Business

Weak job market may slow consumer spending

The number of people receiving unemployment benefits has set another record, a development likely to weigh on consumer spending and slow the economy's recovery.

While retail sales rose in May, the increase resulted largely from a spike in gasoline prices and higher auto sales, according to a report from the Commerce Department. Overall, the retail report Thursday showed consumers remain reluctant to spend, economists said.

"The jobs picture continues to be one of the most significant challenges to the economy," said Dean Curnutt, president of Macro Risk Advisors, a financial strategy firm. "It's very difficult to be bullish on consumer spending when you're looking at unemployment rates that are so high."

The number of people continuing to claim benefits exceeded 6.8 million in the week ending May 30, the Labor Department said Thursday. That was the 19th straight weekly record, after a drop last week was revised to an increase.

And that doesn't include about 2.4 million people receiving benefits through federal and state extended programs, which can add up to 53 weeks to the 26 weeks provided by most states. That means about 8.5 million people received unemployment insurance in the week ending May 23, the latest data available, triple the total of a year ago.

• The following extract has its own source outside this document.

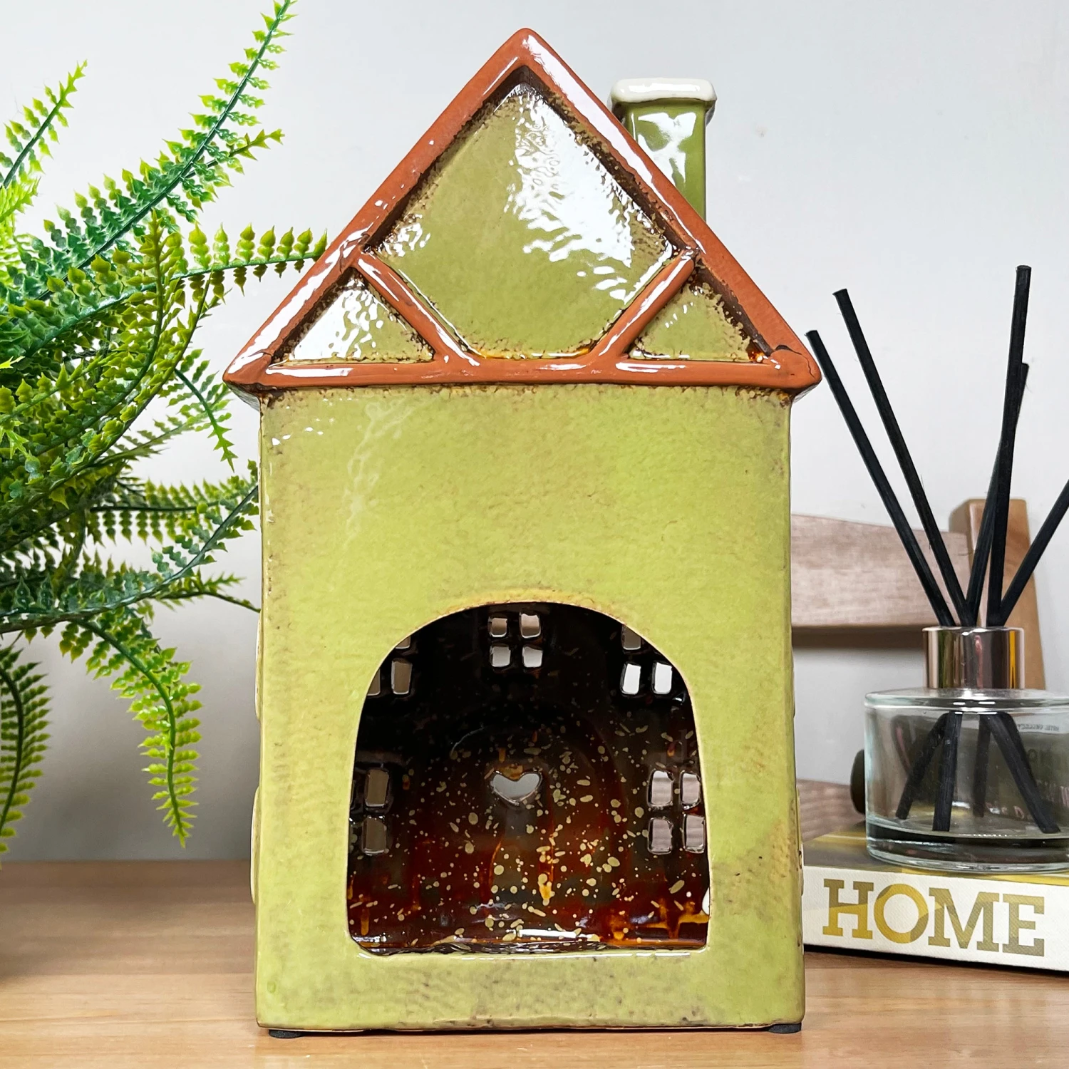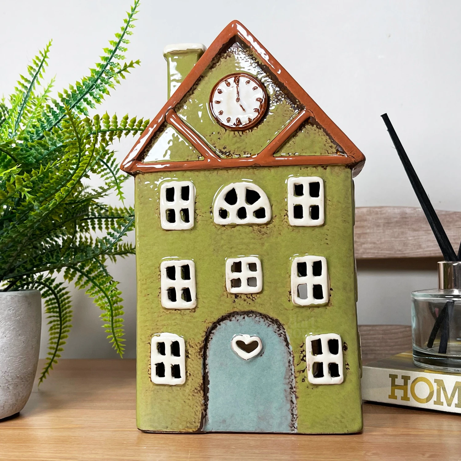 Stunning clock tower house featuring olive green walls and finished with a dark brown roof and blue love heart door. This elegant country style piece acts as a tea light holder that will glow when the lights are dimmed, offering a sense of calm and warmth wherever placed. It is made from glazed ceramics and is suitable for tea lights and indoor use only. It is a must have contemporary piece of home decor for your home.

The unemployment rate jumped to 9.4 percent in May, a 25-year high, as employers cut 345,000 jobs. Some economists project the rate could near 11 percent by the middle of next year.

More encouraging was a drop in initial jobless claims to a seasonally-adjusted 601,000 last week, which was below analysts' expectations and the lowest level since January.

New jobless claims are a measure of the pace of layoffs and are seen as a timely, if volatile, indicator of the economy's health. The huge increase in the unemployment benefit rolls is a sign that even as layoffs slow, companies remain reluctant to hire.

The weak job market, along with dwindling home values and falling stock portfolios, likely will restrain consumer spending for months, economists said.